Cairn, Cullen, Co. Wicklow
Co. Wicklow |
Cairns
In the forested hills of Cullen in County Wicklow, a cairn sits on a summit, and nobody has been able to confirm exactly where.
That single phrase, "not located", which occasionally appears against entries for ancient monuments, carries a particular weight. It does not mean the cairn never existed; it means that, despite efforts, no one has pinned it down with certainty. A cairn, in this context, is a mound of heaped stones, often prehistoric in origin, raised over a burial or as a landscape marker on high ground. They are common enough in the Irish uplands, though many have been disturbed, robbed for field walls, or simply swallowed by later planting.

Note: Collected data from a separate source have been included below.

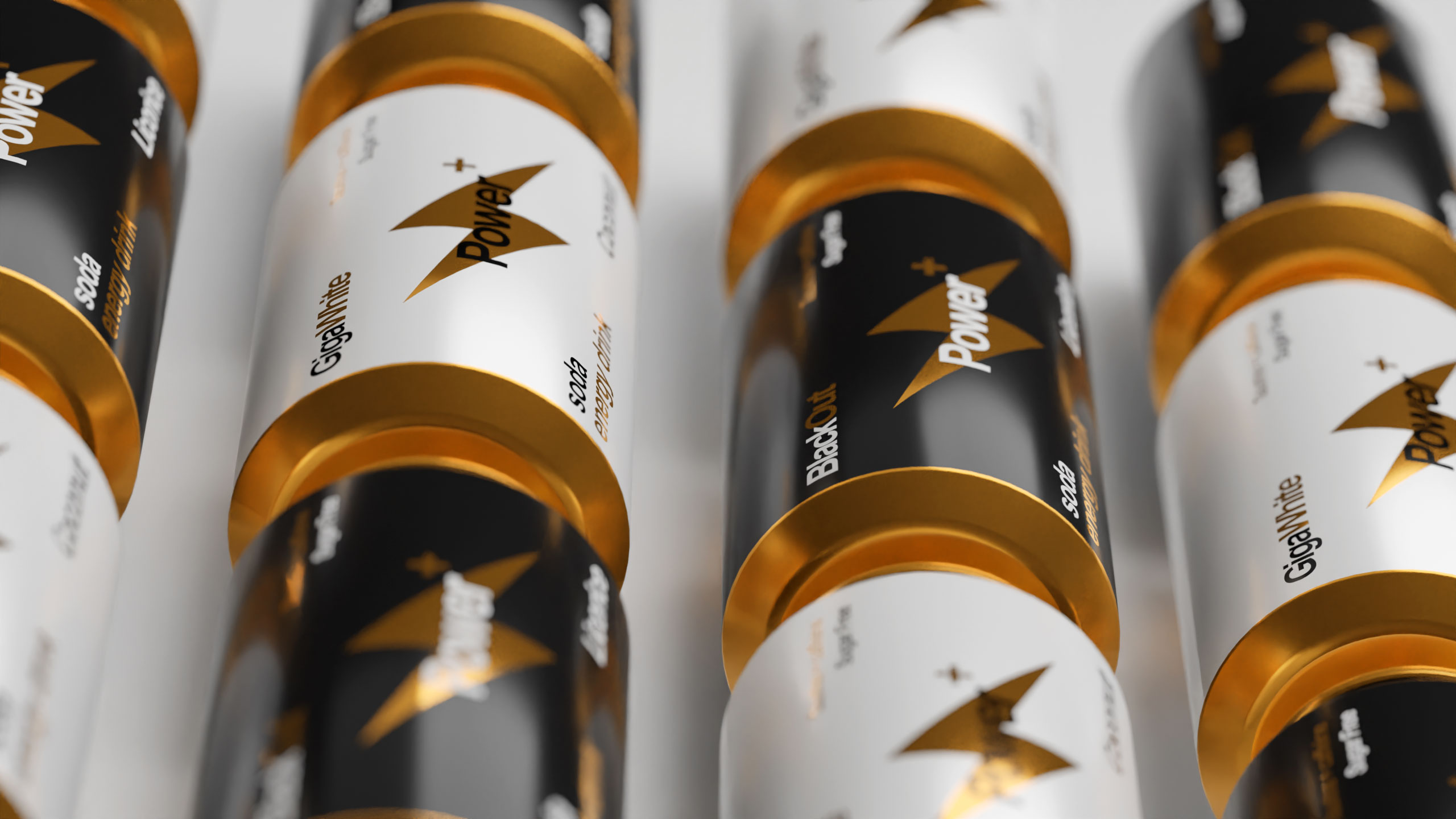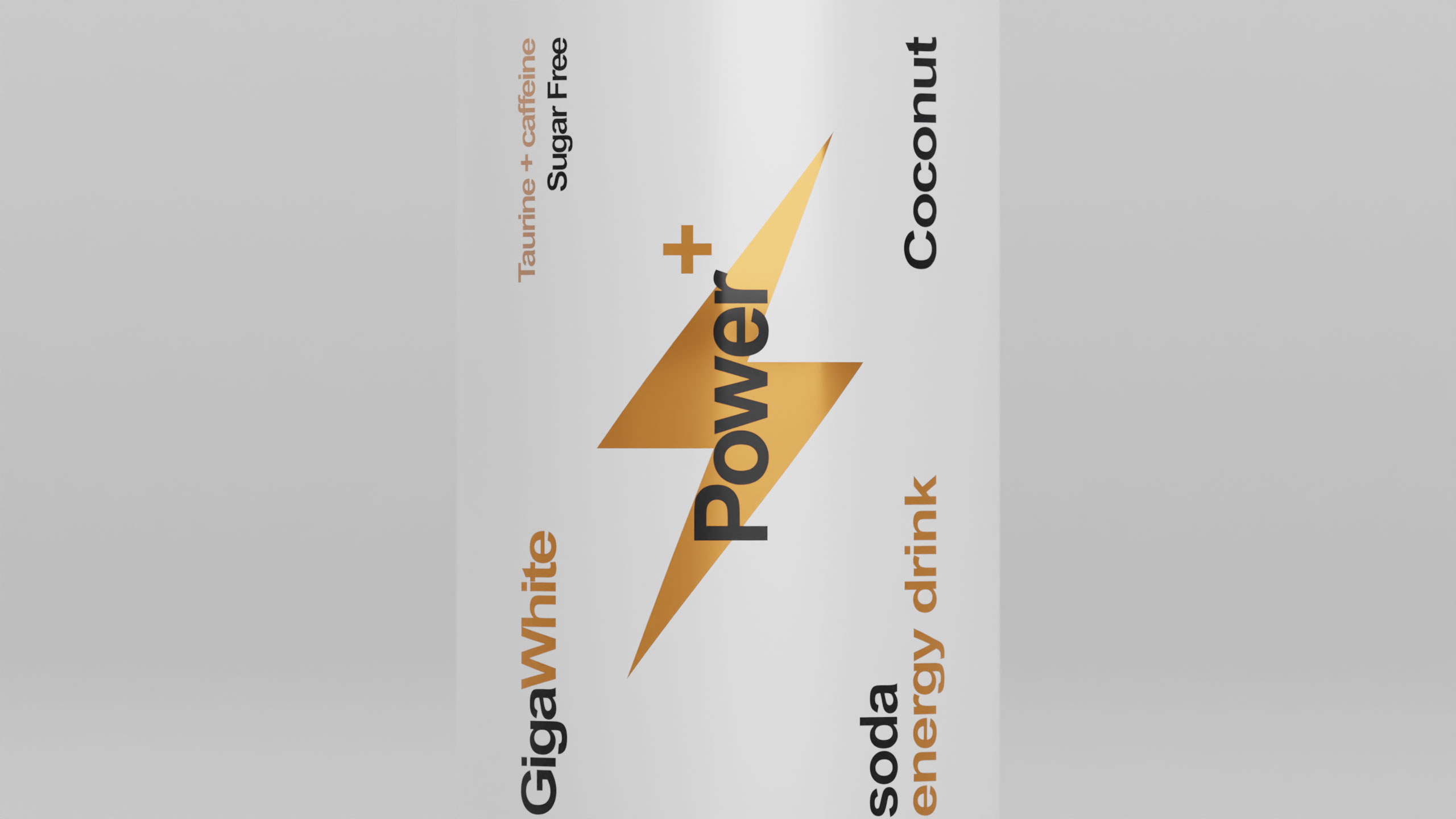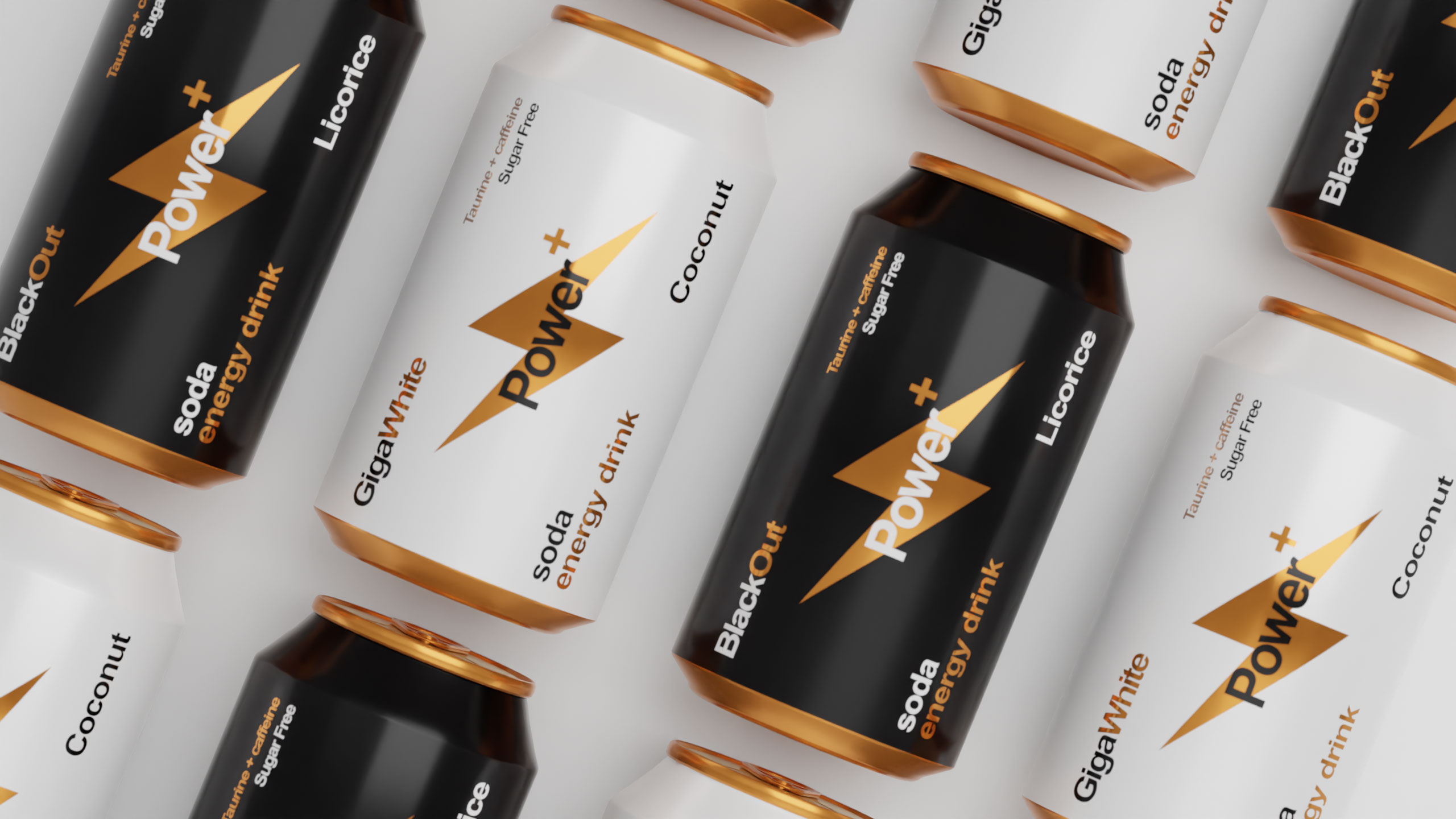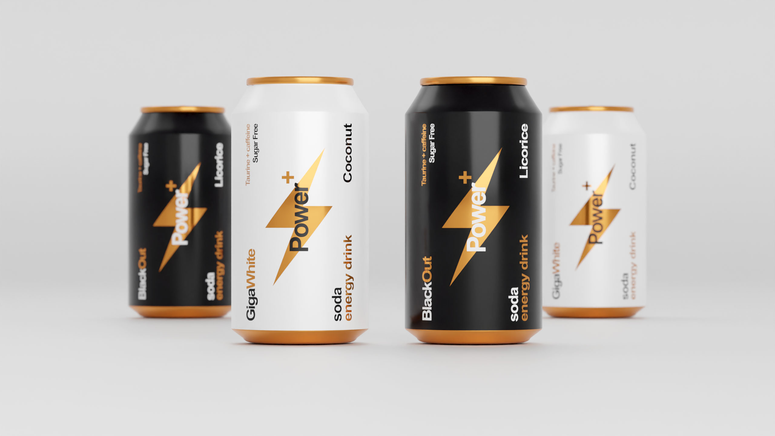 The 33cl aluminum can for “Power+” energy drink features a simple, informative Swiss-style graphic design, emphasizing clarity and precision. The can is designed to resemble a battery, symbolizing energy and power. The dominant colors—black and white—vary depending on the flavor, while gold accents provide a premium touch, reminiscent of high-quality battery variations. The minimalistic design is sleek and functional, aligning with the brand’s focus on energy and performance. The overall aesthetic conveys a sense of reliability and strength, while the clean, modern look appeals to consumers seeking both efficiency and sophistication in their energy drink.
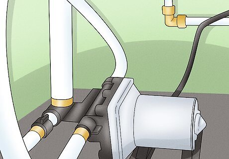 You'll need a tank and pump system or a hookup to get indoor plumbing. A water tank with a pump system is great for a mobile tiny house, like with an RV, or if you don't live near any water pipes. For a hookup, you'll need to attach your house to the local water system with a pipe or hose. This will only work for a house fixed in position. In either case, you'll need to build a plumbing system with pipes in your house. If you're not familiar with building plumbing systems, then this is definitely something you'll need a professional for. Any problems with the plumbing can flood your house. There is also the option of living totally off the grid and using an outhouse and well water instead of installing indoor plumbing.
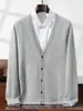 25 Cardigan de Cachemira Otoño e Invierno para Hombre Cuello en V Tejido de Punto Color Sólido Joven y de Mediana Edad Casual de Negocios Chaqueta de Punto Abrigo Elegante
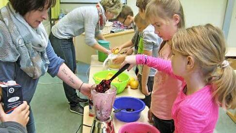 Das muss man sich erst mal auf der Zunge zergehen lassen, was die Kinder der Grundschule Marktschorgast bei der Aktionswoche "Gesunde Ernährung" unter Anleitung des Elternbeirats zubereiteten und kreierten. Sie pressten Saft, zauberten einen Igel aus Birnen in Schokoladenpudding, gingen dem Zucker an den Kragen, führten Geschmackstests durch, bereiteten Smoothies zu und gestalteten Obstschalen. In der Pause gab`s dann ein gesundes Frühstück. Schulleiterin Angelika Gruber dankte dem Elternbeiräten Nadja Günther, Yvonne Walter, Martina Greim und Pia Hartmann-Drechsel.
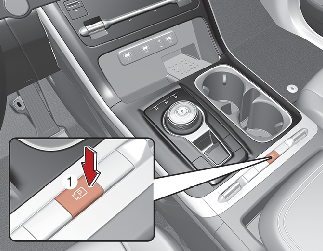 Com ecrã do sistema de infotainment apresentado, prima brevemente o botão Parking/View (Estacionamento/visualização) (1) quando a mudança está na posição D (Condução) ou N (Ponto-morto) e a velocidade do veículo é inferior a 10 km/h (6 mph).
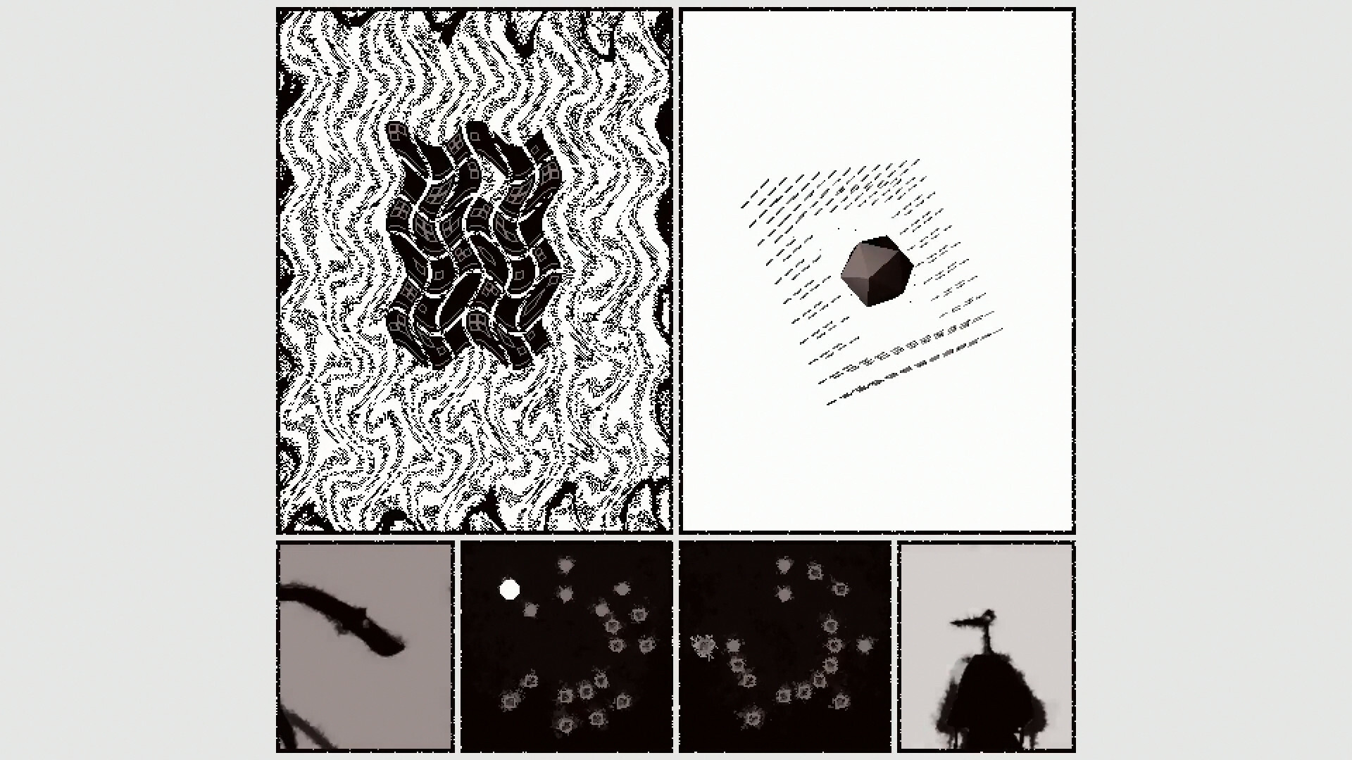 Decode the control glyph and challenge strange entities in a short audiovisual composition / videogame hybrid.
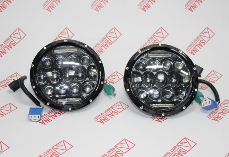 Универсальные светодиодные фары 7" мощностью 80W подходят на Лада Нива, УАЗ, Jeep Wrangler и другие модели автомобилей, в которых используются 7 дюймовые фары.
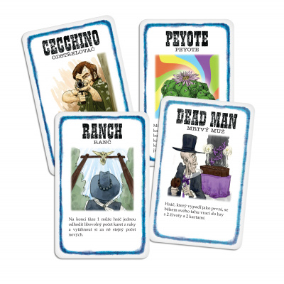 Hra obsahuje: 15 karet Fistfulu + 5 bonusových karet (3 postavy a 2 karty High Noon).
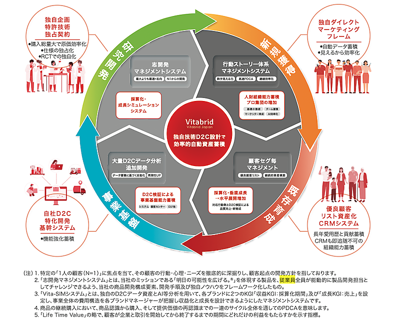 特許や独占製造契約による模倣されにくい独自商品に加え、データを蓄積・活用する「スマート蓄積型D2Cエンジン」で持続的な成長をめざしている。「スマート蓄積型D2Cエンジン」は、独自の商品開発、新規顧客獲得、CRMによる既存顧客育成、自社基幹システムを軸にした事業基盤を一体で運用する仕組み。商品企画から広告運用、顧客データの蓄積・活用、物流やコールセンターとのシステム連携までを循環させることで、LTV最大化と持続的な事業成長をめざしている。さらに、著名人との長期契約を通じて商品ブランドへの信頼醸成にもつなげている。
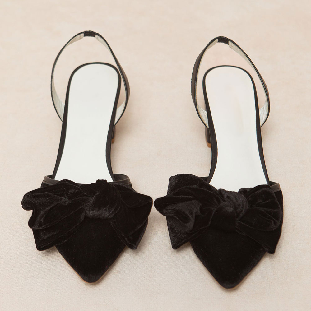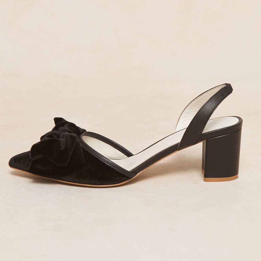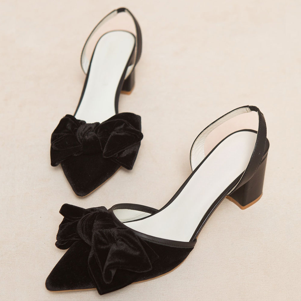 Black Velvet Pointed Toe Bow Decor Block Heel Slingback Pumps

What makes this one linger in the mind is its name. Reynolds, writing in 1973, recorded the local tradition of calling it "the Old Woman". This kind of folk name, attaching a human or feminine identity to a large stone or a mound, has deep roots in Irish landscape tradition. Such names sometimes echo older mythological associations, the hag or cailleach figure who appears in stories connected with high places and ancient monuments across Ireland and Scotland. A related site at Castletimon, not far away in Wicklow, appears to share some connection in the sources, though the precise relationship between the two is not spelled out. Whether the name "the Old Woman" travelled between sites, or whether each carries its own independent tradition, is not recorded.